Models & Applications

 

Overview

Crop models calculate expected growth and development based on equations that describe how a crop, as community of plants, respond to soil and weather conditions. At their simplest level of interpretation, the equations used in a model are a set of differential equations representing rates of growth or development. Numerical integration over time, typically with daily or hourly time steps, allows estimation of growth, development, and water and nutrient levels. The equations are based on information from crop physiology, soil science, meteorology and other fields.

The models provided in DSSAT deal primarily with annual crops including wheat, rice, maize and various grain legumes but also include herbaceous perennials such as forage legumes and grasses. Besides crop growth and development, the models simulate water and nutrient dynamics in the soil and crop, so processes such as leaching, organic matter decomposition, and runoff are also considered. The level of process details varies greatly, and in many cases, users may select among model options, allowing the user to assess how different assumptions affect simulations.

Model applications range from real-time decision support for crop management to assessing the potential impact of climate change on global food security. Crop models are also invaluable as heuristic devices that help identify research problems where our current knowledge has limits and further research is needed. The ability of crop models to simulate how different weather years or soil conditions affect crop performance make models especially useful in research involving climatic uncertainty or geospatial variation. Recent advances in field phenomics and crop genomics are opening opportunities for crop models to support research in fundamental plant science.

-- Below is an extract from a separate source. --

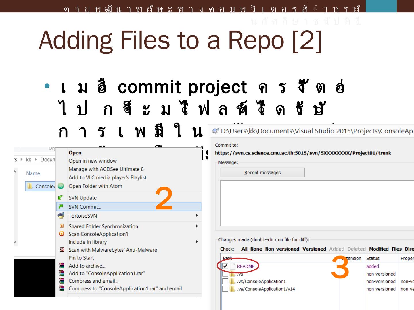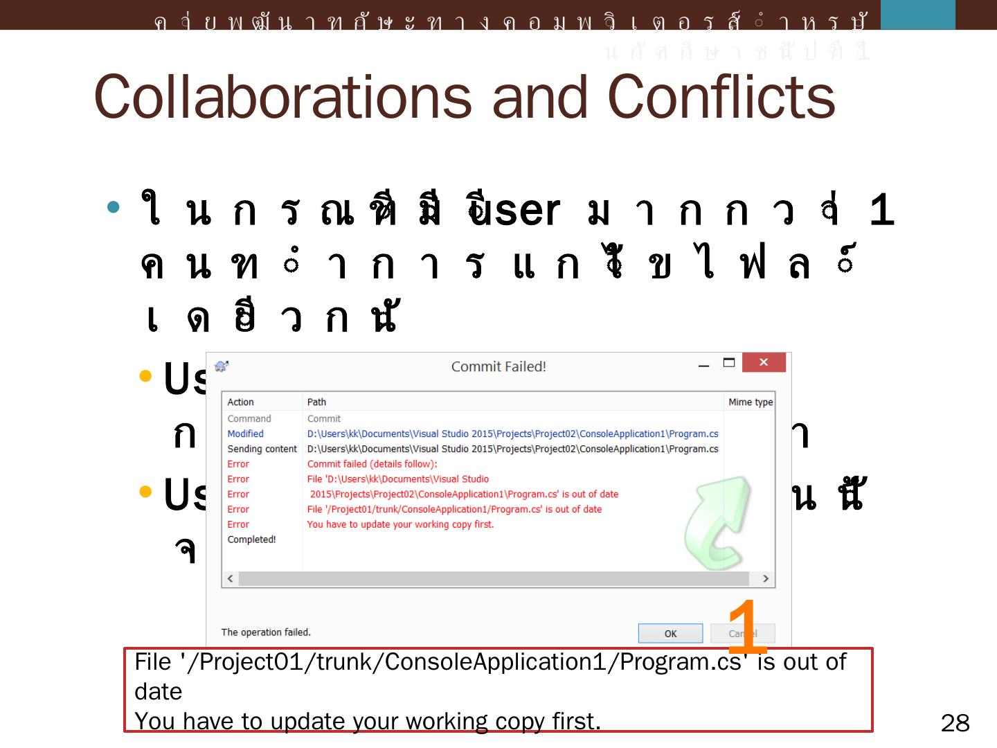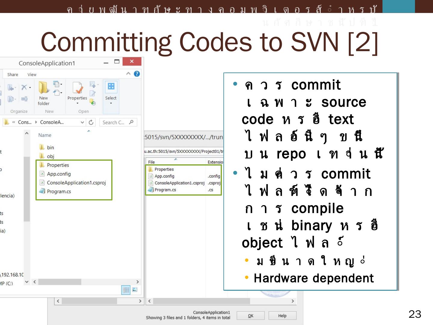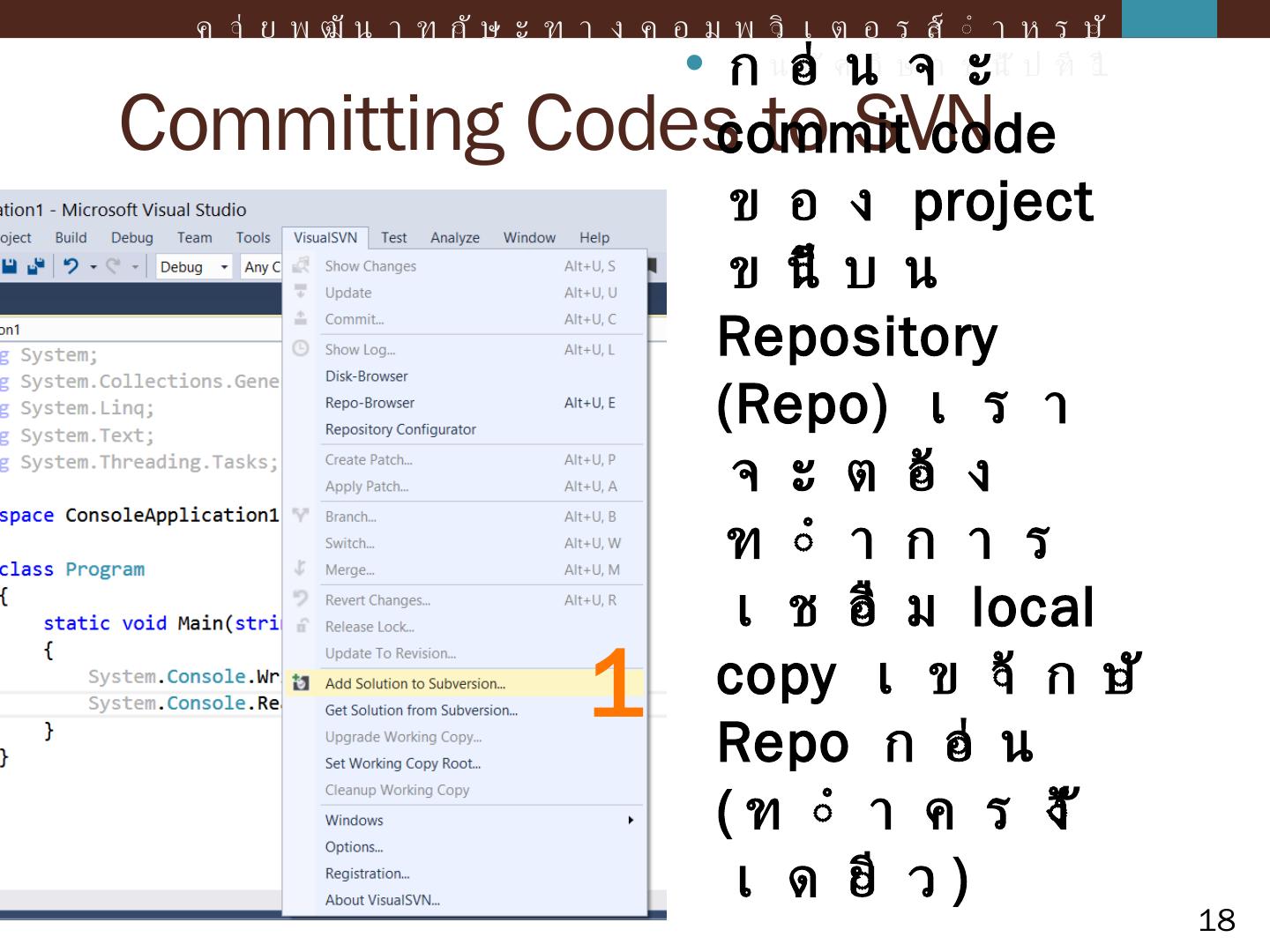 ค่ายพัฒนาทักษะทางคอมพิวเตอร์สำหรับนักศึกษาชั้นปีที่ 1. Agenda. Intro to Revision Control and SVN; Introduction; Console Application; Windows Form Application ...

Because the quality of simulation results depends heavily on the data inputs, DSSAT includes tools to assist modelers in organizing input data for crop management, soils and weather. An especially challenging set of inputs are the genotype-specific parameters (GSPs) used to quantify how one cultivar differs from another. GSPs are most often estimated through calibration to measurements from field trials, and DSSAT provides tools both to organize data used for calibration and to estimate required GSPs.